Ланиус Андрей
Кукловод
ЗАГАДОЧНОЕ ПИСЬМО
«Драгоценный друг!»
Этими словами начиналось адресованное мне письмо, под которым стояла размашистая подпись Вадима Ромоданова, человека, вызывавшего у меня глубочайшую антипатию. Уверен, впрочем, что не только у меня. Не могу представить, кому мог бы понравиться этот желчный господин, на узком холеном лице которого будто раз и навсегда застыла брезгливая гримаса, а в холодных рыбьих глазах читалось полное равнодушие к окружающим. Ходили упорные слухи, что еще несколько лет назад этот тип, ведущий ныне затворнический образ жизни, предавался самому разнузданному разврату, что в его шикарной квартире и на роскошной даче в престижной Жердяевке не прекращались дикие оргии, по сравнению с которыми пиры Калигулы покажутся детскими шалостями. Туманно намекали то на его связи с мафией, то на занятия оккультными науками, благодаря чему он, якобы, умеет навязывать людям свою волю. По другим источникам, еще в молодости ему досталось наследство, должно быть чрезвычайно крупное, ибо, швыряя денежки направо и налево в течение трех десятилетий (исключительно ради удовлетворения своих прихотей), он так и не успел промотать капитал. Наплодив множество врагов, Ромоданов в конце концов поплатился: в него всадили чуть не целую обойму, но каким-то чудом он выжил. Первая его жена погибла при загадочных обстоятельствах, вторая – таинственно исчезла. Смерть, выглядевшая, как правило, нелепой, унесла также многих, кто имел неосторожность тесно общаться с этим дьяволом во плоти.
Не знаю, можно ли принимать на веру все перечисленное, ибо, появившись в нашем городе относительно недавно, я не был очевидцем трагических и прочих событий вокруг Ромоданова, а здесь всего лишь упомянул некоторые толки. Но доля истины в них, несомненно, есть. По крайней мере, умение Ромоданова внушать собеседнику свою волю я однажды испытал на себе. Равно как и его безграничный цинизм. Каким-то невероятным образом он вызвал меня на откровенность, прикинулся сочувствующим, другом, а следом, как говорится, плюнул в душу. Я прекратил всякие отношения с ним.

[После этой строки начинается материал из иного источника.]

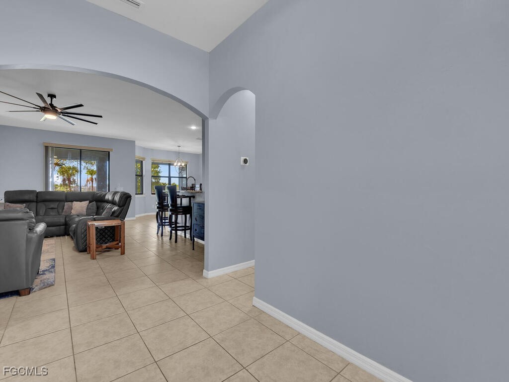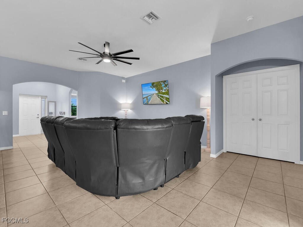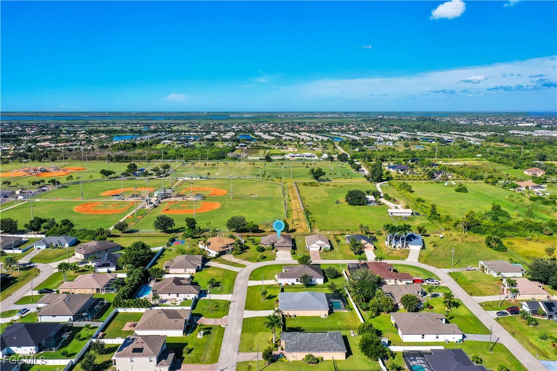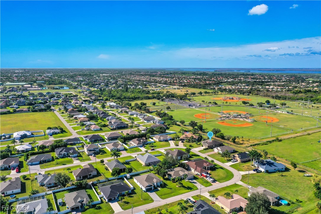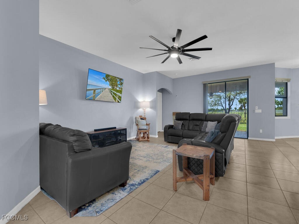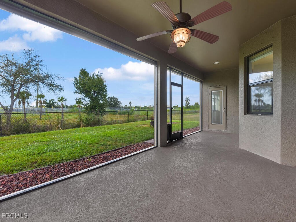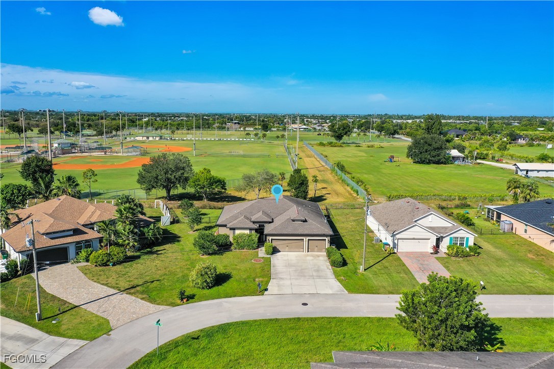 Fantastic 5 bedroom layout w/ WHOLE HOME generator! Situated on and irregular shaped lot giving you a wide backyard that has plenty of room for a playlet and/or a pool. The inside of this home offers a wonderful layout w/ great room design, screened front entry, split bedroom floor plan, wide galley kitchen, spacious master suite, 4 guest rooms (one with French door entry making it ideal for a home office or playroom), dining area w/ large windows, laundry room w/ shelving, attached 3-car garage, and screened rear lanai w/ picture window screening. You will be storm ready w/ the 22kw Generac generator (w/ wifi monitoring), hard wired with an automatic switch supplied by a 200 gal underground propane tank. In addition, there are electronic hurricane shutters for the entire home. Convenient location- backs up to a city park w/ sports fields, close to community boat launch & golf course, and has easy access to both the bridges to Fort Myers.

Как же теперь не изумиться этому обращению – «драгоценный друг»?
Но самое непостижимое – факт присутствия письма
на моем столе. Минуту назад, когда я отлучился на кухню,
чтобы заварить кофе, его не было. Никто посторонний войти в квартиру не мог: входная дверь на засове и це-
почке, окна закрыты, шестой этаж. Не с потолка же упал этот листок!
Впрочем, довольно загадок. Почитаем, что пишет Вадим Ромоданов.
Драгоценный друг!
Задавшись вопросом о том, какое качество наиболее ценимо в людях,мы неизбежно придем к выводу, что имя ему – порядочность. И это так. Ум может оказаться коварным, воображение – извращенным, талант – больным, мужество – безрассудным, сила – тупой, идеалы – надуманными, убеждения – ложными. Надежда не сбудется, друг предаст, возлюбленная обманет. Все – груда фальшивых монет, среди которых сияет единственный золотой – порядочность.Только порядочный человек внушает доверие. Он никогда не изменит слову. Он выполнит свою миссию при любых обстоятельствах, даже если не связан клятвой. Порядочности никогда не бывает «чуть-чуть», «почти» или «с избытком». Либо она есть, либо отсутствует напрочь.
Драгоценный друг! Я остановил свой выбор на Вас именно потому, что, по моим наблюдениям, Вы одарены тем самым качеством, о котором я позволил себе здесь порассуждать – пускай несколько банально, зато искренне, а искренность я ставлю на второе место после порядочности.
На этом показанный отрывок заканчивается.